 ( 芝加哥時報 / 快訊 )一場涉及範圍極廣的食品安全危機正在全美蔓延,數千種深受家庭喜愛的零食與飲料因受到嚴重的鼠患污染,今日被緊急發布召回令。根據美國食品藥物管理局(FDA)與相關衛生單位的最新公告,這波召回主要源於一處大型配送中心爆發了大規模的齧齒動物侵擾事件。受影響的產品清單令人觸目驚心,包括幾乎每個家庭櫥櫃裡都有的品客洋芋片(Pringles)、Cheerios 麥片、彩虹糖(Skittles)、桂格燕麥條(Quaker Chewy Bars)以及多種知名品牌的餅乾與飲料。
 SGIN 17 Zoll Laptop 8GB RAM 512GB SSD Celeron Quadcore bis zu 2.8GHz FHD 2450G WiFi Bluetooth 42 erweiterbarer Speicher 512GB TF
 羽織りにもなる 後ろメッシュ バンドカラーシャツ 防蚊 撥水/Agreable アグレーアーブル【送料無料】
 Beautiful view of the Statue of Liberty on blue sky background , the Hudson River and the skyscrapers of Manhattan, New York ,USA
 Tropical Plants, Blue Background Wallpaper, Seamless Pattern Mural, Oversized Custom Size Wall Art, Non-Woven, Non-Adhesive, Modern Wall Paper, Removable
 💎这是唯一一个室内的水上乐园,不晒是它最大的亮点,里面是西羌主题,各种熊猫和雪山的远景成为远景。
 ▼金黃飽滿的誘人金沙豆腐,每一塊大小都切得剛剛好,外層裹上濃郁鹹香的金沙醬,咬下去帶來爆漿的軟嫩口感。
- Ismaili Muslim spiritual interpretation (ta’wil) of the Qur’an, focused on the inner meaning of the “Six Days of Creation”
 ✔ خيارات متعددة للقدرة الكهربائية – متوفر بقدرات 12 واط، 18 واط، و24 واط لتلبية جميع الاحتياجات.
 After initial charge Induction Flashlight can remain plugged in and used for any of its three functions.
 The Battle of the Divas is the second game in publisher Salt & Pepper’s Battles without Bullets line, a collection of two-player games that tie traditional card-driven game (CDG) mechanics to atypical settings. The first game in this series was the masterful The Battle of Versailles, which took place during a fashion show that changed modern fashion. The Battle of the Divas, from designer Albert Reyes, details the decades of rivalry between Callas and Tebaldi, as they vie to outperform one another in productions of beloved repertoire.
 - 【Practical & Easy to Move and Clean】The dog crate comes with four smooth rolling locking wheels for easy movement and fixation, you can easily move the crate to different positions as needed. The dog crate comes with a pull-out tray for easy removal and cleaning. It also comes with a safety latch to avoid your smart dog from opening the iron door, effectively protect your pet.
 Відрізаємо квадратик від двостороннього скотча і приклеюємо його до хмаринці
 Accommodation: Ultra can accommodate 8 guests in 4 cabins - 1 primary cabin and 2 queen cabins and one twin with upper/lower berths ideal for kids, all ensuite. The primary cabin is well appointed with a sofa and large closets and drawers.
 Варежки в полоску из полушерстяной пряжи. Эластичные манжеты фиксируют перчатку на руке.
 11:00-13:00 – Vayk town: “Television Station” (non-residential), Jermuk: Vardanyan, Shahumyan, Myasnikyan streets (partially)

........

# Required action
Lines holding "from" in the material above are to be reported.

# Exercise response
 The Battle of the Divas is the second game in publisher Salt & Pepper’s Battles without Bullets line, a collection of two-player games that tie traditional card-driven game (CDG) mechanics to atypical settings. The first game in this series was the masterful The Battle of Versailles, which took place during a fashion show that changed modern fashion. The Battle of the Divas, from designer Albert Reyes, details the decades of rivalry between Callas and Tebaldi, as they vie to outperform one another in productions of beloved repertoire.
 - 【Practical & Easy to Move and Clean】The dog crate comes with four smooth rolling locking wheels for easy movement and fixation, you can easily move the crate to different positions as needed. The dog crate comes with a pull-out tray for easy removal and cleaning. It also comes with a safety latch to avoid your smart dog from opening the iron door, effectively protect your pet.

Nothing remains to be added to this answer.